Sheila fiddled with her bracelet. “Sheila, that’s the idea,” Linda said, kindly, “that certain organisms are so complex that they couldn’t have developed generation after generation, via selective pressure. According to this guy Behe, a scientist out of—where is he, Nina?”
“Lehigh.”
“Lehigh!” Linda snorted. “A legit school! Anyway, this guy proposes that a particular part of a kind of bacteria contains parts that would be useless on their own, and therefore would never have arisen independently. The flagellum had to be designed, he said, because it’s too complex to have come about via evolution.”
“Oh,” Sheila said.
“It’s nonsense, of course. Total crapola, as they say. But reassuring to the Jesus crowd, I suppose. Lehigh! Amazing.”
“You’re really supporting this student’s research?” asked Marty, pouring himself another. He was growing out his beard, gray-striped, like a skunk. “Do you think that’s morally sound?”
“Of course I do,” Andy said, trying to keep the peevishness from his voice. “Why wouldn’t I? How could it be unsound to support a student’s inquiry into—anything? Isn’t the point that she’s inquiring? Isn’t that a good thing?”
“Yes, but for her to inquire into a belief system rather than a scientifically provable theory—at the very least, it seems a waste of time,” Marty said. He stroked his fledgling beard.
“Look, the fact that she wants to research an avenue of science seems laudable to me. Besides, she believes what she believes, and if we demean it—”
“Of course she believes it,” Linda said, “but that doesn’t mean we can’t lead her to the truth. You’re such a sweet guy, Andy. You respect your students, which is great. But you’re a biology professor, first and foremost. It is your job to inform the students about the realities of biology.”
“Your realities,” Andy said.
“What?

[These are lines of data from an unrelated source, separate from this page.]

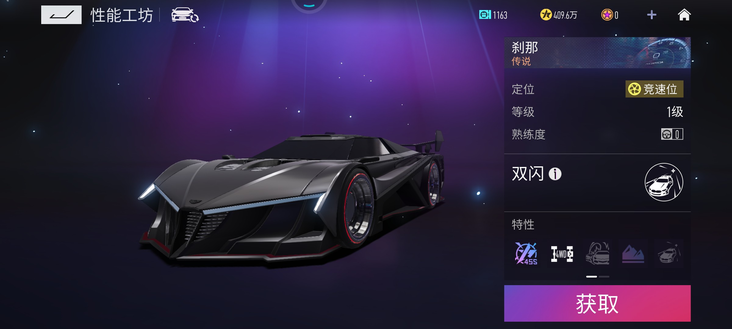 1、刹那是传说级别的竞速赛车,巨大的尾翼带给它强大的稳定性;
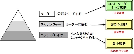 たとえば市場における競争戦略は、その会社の立場によって異なる。チャンピオンの戦略と、挑戦者にとっての戦略と、ニッチプレイヤーの戦略は異なる。あなたのところの会社は、チャンピオンかな、それとも挑戦者か、ニッチプレイヤーなのかな?
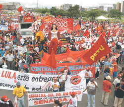 O dia 25 ficou marcado como a terceira grande mani-festação contra o governo. Em 2003, tivemos uma mobili-zação de cinqüenta mil pessoas na greve do funcionalismo federal contra a reforma da Previdência. Em 16 de junho deste ano, a Conlutas colocou 20 mil manifestantes em Brasília, também contra as reformas Sindical, Trabalhista e Universitária.

No,” Linda said. “The realities. This isn’t subjective, Andy. You know that, right? Science is objective? As is the truth?”
“I—sure,” he said. He knew science was objective, and that truth was objective, but what every person needed to get through their lives—that was not quite as black-and-white. “Listen, I better get going,” he said. “Sheila needs to get back.”
“I don’t—”
“Oh, but Andy—you didn’t finish your cake! Let me wrap up some for you, for the girls. Sheila, could I get you some to take home?” and before he could stop her Jane Reuben was up and bustling, the conversation was once again bustling, Linda was pontificating about something new but still she stopped for a second to give Andy what seemed to be a distinctly wary eye.
“Before you go, just tell me—you aren’t going to validate Melissa Potter’s intelligent design crap, are you, Andy? Irreducible complexity?” Linda said. “You’re not going to stamp that crap with department approval, are you?”